Florian Cova (University of Geneva, Philosophy and Cognitive Science) at 2:00 pm (30 min. for talk + 15 min. for Q & A)
Title: Why Belief in Free Will Is Not an Adaptation
Abstract: In the past 20 years, there has been a growing corpus of empirical research on people's belief about free will. Most of this research has highlighted the personal benefits (greater well-being, efficiency, meaning of life) and social benefits (greater punishment of wrongdoers) of belief in free will. This has led certain researchers to argue that belief in free will might be a biological adaptation. In this talk, I will argue that arguments towards this conclusion mostly work because they take advantage of an ambiguity between compatibilist and incompatibilist conceptions of free will. More precisely, I will argue that (i) if we take "free will" in an incompatibilist sense, then the existing empirical evidence does not support (and even contradict) the conclusion, and that (ii) if we take "free will" in a compatibilist sense, then the conclusion is simply trivially true, and does not bring any new knowledge.
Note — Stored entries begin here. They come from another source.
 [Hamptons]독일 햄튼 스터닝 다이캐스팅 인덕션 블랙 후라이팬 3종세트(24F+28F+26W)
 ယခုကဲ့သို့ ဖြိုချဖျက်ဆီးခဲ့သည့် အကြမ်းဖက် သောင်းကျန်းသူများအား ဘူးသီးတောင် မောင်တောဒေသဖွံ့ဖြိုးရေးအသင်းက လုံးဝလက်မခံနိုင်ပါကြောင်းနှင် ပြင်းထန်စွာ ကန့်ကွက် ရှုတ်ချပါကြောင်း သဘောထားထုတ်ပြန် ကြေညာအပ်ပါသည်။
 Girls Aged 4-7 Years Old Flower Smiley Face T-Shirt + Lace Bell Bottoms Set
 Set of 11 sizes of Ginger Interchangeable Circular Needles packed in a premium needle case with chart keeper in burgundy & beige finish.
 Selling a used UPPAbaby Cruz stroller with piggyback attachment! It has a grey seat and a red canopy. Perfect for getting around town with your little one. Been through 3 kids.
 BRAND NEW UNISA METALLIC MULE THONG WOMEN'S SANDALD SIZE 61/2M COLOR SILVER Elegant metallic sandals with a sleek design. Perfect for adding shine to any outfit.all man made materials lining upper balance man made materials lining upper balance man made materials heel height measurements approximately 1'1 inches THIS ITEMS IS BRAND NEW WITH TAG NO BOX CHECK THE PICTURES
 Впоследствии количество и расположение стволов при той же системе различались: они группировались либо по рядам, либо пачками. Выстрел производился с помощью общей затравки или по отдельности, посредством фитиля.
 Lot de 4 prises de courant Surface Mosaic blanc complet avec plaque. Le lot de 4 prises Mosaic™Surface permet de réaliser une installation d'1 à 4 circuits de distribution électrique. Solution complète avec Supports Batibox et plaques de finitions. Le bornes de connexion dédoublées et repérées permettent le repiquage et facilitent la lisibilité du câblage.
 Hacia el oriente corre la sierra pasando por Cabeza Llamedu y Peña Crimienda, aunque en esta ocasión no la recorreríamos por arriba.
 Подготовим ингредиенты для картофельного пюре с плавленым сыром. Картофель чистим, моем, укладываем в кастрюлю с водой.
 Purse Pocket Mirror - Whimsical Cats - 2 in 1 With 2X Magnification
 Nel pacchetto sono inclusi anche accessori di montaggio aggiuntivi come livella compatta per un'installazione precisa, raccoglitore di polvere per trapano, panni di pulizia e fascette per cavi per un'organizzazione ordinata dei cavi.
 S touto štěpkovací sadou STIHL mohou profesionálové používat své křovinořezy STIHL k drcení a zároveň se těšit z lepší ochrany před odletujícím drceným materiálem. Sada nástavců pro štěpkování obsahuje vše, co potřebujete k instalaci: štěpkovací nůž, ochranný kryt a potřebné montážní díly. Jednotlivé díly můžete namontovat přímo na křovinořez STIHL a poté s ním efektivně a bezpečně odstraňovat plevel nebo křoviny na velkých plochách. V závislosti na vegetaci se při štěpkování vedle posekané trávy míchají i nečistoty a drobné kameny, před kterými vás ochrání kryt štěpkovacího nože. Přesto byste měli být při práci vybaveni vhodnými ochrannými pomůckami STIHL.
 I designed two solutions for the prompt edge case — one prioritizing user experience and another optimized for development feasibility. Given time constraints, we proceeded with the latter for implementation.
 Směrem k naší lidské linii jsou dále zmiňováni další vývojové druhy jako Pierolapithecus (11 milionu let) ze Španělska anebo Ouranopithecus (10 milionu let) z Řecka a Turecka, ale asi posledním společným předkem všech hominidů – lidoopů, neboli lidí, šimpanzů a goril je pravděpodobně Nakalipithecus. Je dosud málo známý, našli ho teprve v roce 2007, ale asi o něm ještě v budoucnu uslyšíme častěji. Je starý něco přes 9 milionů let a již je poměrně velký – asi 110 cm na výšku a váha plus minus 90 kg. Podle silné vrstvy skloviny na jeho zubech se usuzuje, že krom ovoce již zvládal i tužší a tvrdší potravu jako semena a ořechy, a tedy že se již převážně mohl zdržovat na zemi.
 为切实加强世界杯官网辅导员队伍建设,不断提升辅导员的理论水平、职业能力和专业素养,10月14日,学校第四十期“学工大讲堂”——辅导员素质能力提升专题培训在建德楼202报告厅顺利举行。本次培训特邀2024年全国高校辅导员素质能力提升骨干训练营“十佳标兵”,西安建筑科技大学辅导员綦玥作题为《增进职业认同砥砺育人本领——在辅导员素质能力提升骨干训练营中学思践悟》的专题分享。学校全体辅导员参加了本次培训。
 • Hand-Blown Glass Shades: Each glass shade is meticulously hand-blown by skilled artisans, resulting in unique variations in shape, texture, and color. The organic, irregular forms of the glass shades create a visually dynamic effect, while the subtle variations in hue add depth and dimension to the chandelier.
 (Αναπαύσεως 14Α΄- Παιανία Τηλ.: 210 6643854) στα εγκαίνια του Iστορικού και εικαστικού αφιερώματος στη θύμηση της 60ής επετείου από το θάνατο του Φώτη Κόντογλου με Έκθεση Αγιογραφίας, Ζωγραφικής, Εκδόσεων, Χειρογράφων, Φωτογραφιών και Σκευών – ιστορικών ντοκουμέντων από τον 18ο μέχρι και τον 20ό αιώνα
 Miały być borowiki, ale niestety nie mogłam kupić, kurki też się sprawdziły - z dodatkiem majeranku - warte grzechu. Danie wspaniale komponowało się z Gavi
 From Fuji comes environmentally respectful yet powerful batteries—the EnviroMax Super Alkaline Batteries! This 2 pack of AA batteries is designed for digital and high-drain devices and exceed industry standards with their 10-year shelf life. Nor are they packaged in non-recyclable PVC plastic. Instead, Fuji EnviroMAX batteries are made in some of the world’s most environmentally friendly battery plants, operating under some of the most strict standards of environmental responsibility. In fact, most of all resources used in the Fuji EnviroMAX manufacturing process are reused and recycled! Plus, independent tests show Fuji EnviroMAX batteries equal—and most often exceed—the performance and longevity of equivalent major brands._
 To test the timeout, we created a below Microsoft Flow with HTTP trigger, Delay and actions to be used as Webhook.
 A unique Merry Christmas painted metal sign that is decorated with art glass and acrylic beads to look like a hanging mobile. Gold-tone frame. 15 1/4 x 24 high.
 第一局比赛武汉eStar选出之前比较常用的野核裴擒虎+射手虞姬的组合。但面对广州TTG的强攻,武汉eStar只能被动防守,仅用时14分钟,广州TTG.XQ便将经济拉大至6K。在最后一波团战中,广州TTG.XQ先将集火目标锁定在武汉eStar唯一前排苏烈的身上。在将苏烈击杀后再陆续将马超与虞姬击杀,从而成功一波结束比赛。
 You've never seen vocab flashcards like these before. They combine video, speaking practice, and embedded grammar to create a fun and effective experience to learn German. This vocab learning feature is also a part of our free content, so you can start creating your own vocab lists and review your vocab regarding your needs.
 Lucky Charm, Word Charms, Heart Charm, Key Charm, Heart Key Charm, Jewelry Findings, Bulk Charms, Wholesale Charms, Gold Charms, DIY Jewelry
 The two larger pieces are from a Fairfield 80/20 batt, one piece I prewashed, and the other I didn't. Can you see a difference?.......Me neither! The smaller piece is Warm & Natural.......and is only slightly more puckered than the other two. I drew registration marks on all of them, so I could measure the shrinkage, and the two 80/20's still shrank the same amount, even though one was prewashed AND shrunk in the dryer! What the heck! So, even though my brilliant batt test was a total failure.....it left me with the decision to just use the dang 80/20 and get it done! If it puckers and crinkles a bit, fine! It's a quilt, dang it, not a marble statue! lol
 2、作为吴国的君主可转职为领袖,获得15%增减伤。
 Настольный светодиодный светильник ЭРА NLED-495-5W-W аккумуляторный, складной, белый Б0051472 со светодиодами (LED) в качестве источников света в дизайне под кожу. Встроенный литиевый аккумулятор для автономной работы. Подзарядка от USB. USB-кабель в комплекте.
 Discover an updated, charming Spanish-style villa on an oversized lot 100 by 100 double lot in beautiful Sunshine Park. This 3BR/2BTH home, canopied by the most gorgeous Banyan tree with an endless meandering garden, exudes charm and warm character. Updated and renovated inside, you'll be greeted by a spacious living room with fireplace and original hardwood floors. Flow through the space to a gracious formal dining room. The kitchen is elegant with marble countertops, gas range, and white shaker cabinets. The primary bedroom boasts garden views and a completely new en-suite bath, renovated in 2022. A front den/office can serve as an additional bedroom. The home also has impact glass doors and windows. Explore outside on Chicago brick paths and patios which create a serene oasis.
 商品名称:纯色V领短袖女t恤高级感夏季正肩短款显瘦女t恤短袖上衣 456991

Keynote Address by Tania Lombrozo (Princeton, Psychology): (1 hr. + 30 min. Q & A)
Title: Evidence for Two Varieties of Believing
Abstract: In this talk I will propose and present evidence for a form of doxastic pluralism positing more than one belief-like cognitive attitude. I will focus on the distinction between beliefs based on evidential reasons and beliefs based on moral reasoning, and present preliminary evidence suggesting that these beliefs have distinct profiles related to their functional roles in human cognition.